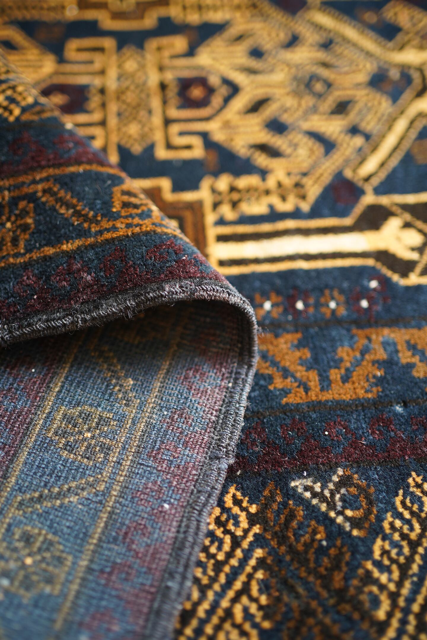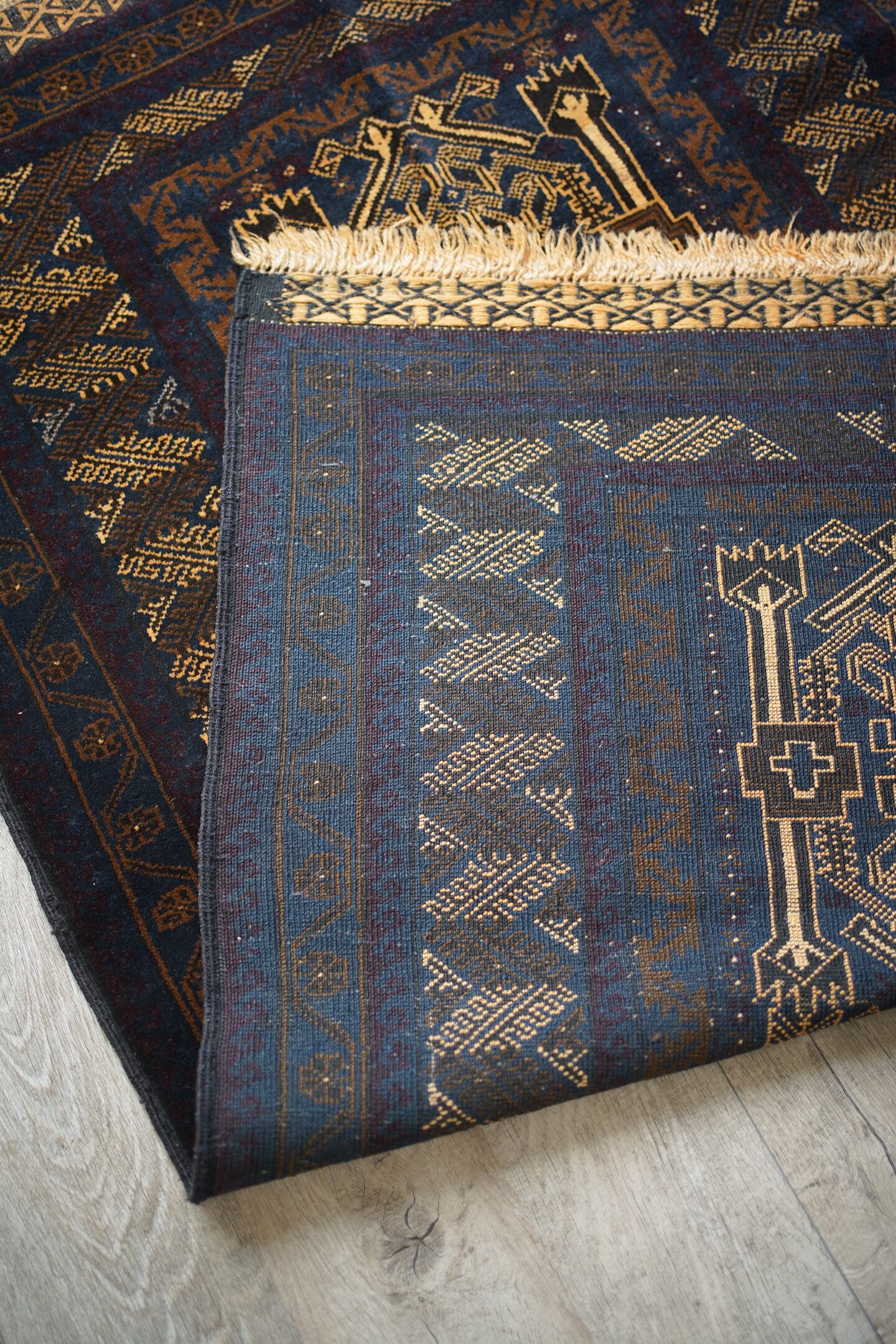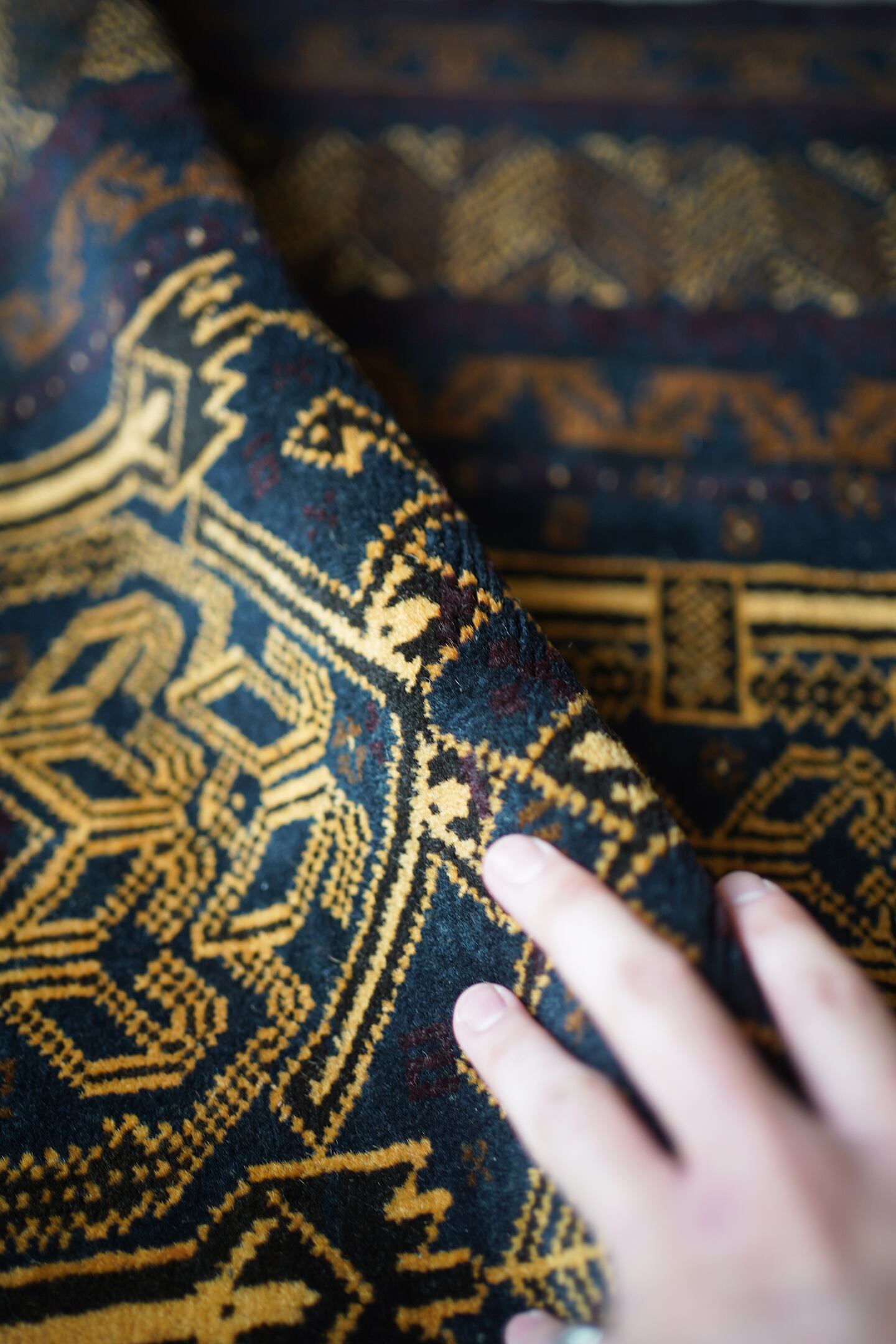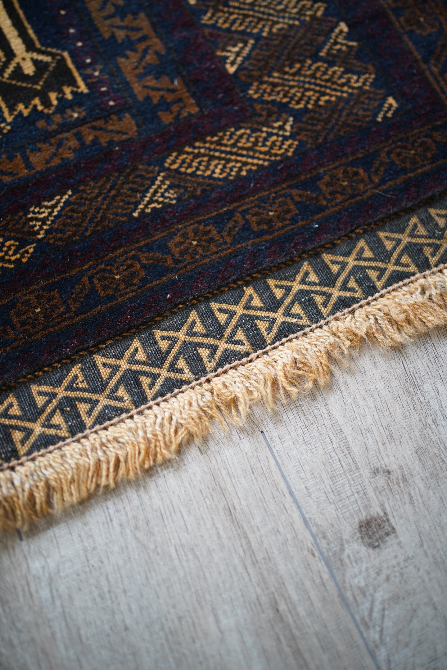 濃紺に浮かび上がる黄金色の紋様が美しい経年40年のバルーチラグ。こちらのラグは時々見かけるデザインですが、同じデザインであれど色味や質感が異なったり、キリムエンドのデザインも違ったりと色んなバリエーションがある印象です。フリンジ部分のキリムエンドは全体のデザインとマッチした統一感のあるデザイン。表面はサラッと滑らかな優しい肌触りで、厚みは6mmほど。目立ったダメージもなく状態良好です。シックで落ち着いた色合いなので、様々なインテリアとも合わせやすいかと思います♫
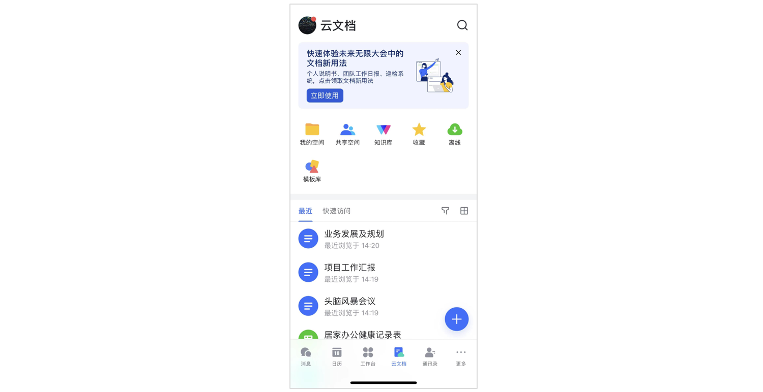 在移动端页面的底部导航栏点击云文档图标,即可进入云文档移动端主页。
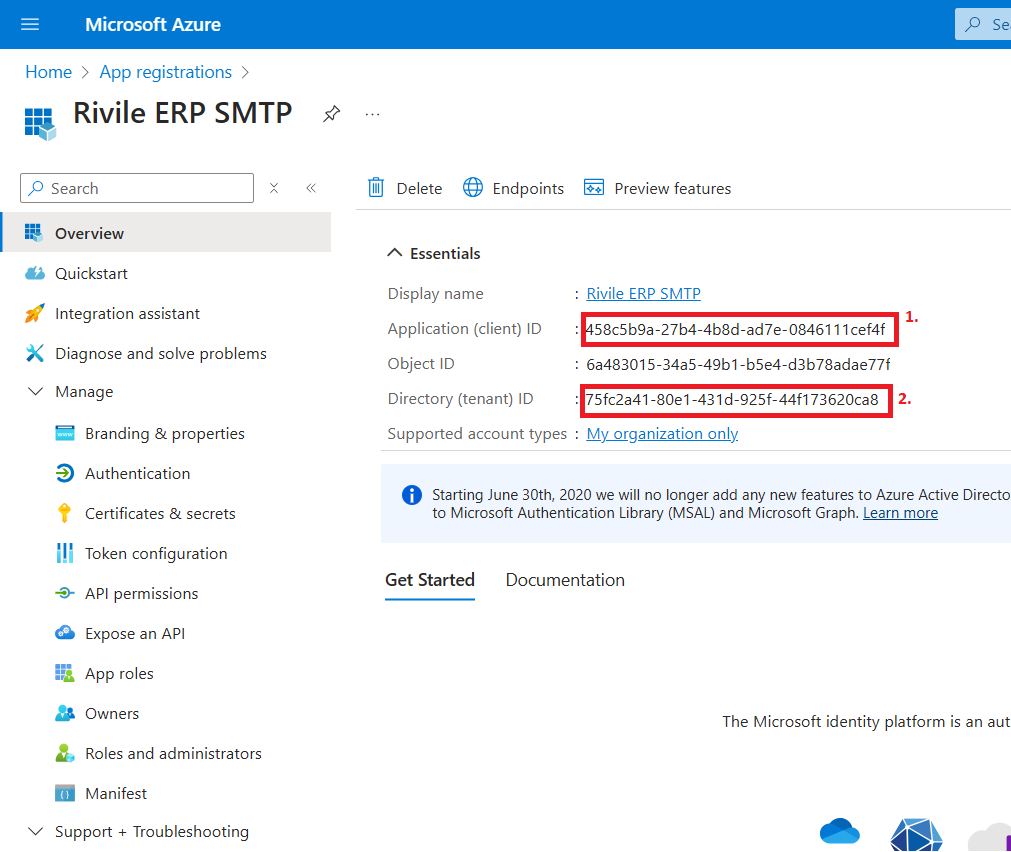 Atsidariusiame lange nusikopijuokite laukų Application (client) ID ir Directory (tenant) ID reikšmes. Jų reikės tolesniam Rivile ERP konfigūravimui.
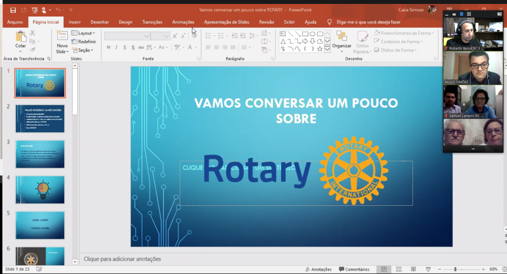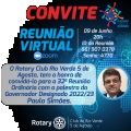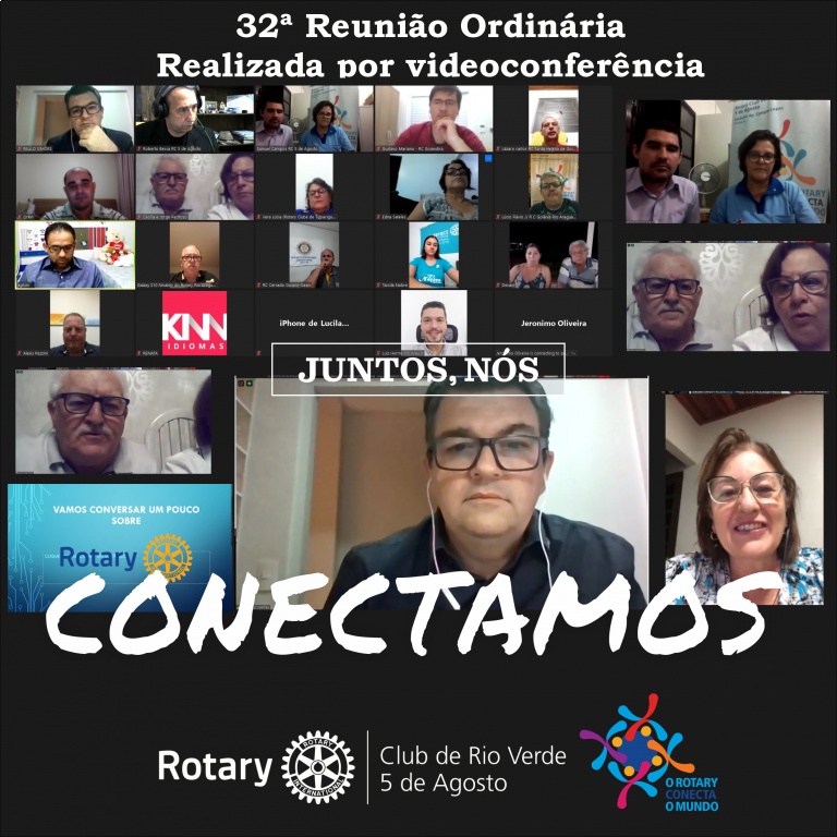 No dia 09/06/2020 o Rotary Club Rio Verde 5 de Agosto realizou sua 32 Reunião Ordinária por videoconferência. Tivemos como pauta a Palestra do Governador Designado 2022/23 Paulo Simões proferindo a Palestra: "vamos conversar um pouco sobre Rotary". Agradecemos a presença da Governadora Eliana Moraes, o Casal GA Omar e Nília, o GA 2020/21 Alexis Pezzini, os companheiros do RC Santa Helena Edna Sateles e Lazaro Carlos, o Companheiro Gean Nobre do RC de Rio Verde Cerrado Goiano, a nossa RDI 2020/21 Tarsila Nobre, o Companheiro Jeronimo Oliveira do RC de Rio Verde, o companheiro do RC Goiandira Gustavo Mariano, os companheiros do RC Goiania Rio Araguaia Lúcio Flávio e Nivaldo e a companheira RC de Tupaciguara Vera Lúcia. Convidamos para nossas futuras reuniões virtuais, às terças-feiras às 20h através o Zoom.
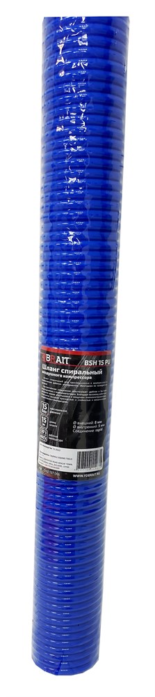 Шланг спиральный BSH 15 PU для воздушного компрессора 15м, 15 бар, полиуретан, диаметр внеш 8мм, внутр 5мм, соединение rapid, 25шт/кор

#### [Exercise description]
Each record above must be retyped exactly as given, with the images excluded.

#### [Output]
 濃紺に浮かび上がる黄金色の紋様が美しい経年40年のバルーチラグ。こちらのラグは時々見かけるデザインですが、同じデザインであれど色味や質感が異なったり、キリムエンドのデザインも違ったりと色んなバリエーションがある印象です。フリンジ部分のキリムエンドは全体のデザインとマッチした統一感のあるデザイン。表面はサラッと滑らかな優しい肌触りで、厚みは6mmほど。目立ったダメージもなく状態良好です。シックで落ち着いた色合いなので、様々なインテリアとも合わせやすいかと思います♫
 在移动端页面的底部导航栏点击云文档图标,即可进入云文档移动端主页。
 Atsidariusiame lange nusikopijuokite laukų Application (client) ID ir Directory (tenant) ID reikšmes. Jų reikės tolesniam Rivile ERP konfigūravimui.
 No dia 09/06/2020 o Rotary Club Rio Verde 5 de Agosto realizou sua 32 Reunião Ordinária por videoconferência. Tivemos como pauta a Palestra do Governador Designado 2022/23 Paulo Simões proferindo a Palestra: "vamos conversar um pouco sobre Rotary". Agradecemos a presença da Governadora Eliana Moraes, o Casal GA Omar e Nília, o GA 2020/21 Alexis Pezzini, os companheiros do RC Santa Helena Edna Sateles e Lazaro Carlos, o Companheiro Gean Nobre do RC de Rio Verde Cerrado Goiano, a nossa RDI 2020/21 Tarsila Nobre, o Companheiro Jeronimo Oliveira do RC de Rio Verde, o companheiro do RC Goiandira Gustavo Mariano, os companheiros do RC Goiania Rio Araguaia Lúcio Flávio e Nivaldo e a companheira RC de Tupaciguara Vera Lúcia. Convidamos para nossas futuras reuniões virtuais, às terças-feiras às 20h através o Zoom.
 Шланг спиральный BSH 15 PU для воздушного компрессора 15м, 15 бар, полиуретан, диаметр внеш 8мм, внутр 5мм, соединение rapid, 25шт/кор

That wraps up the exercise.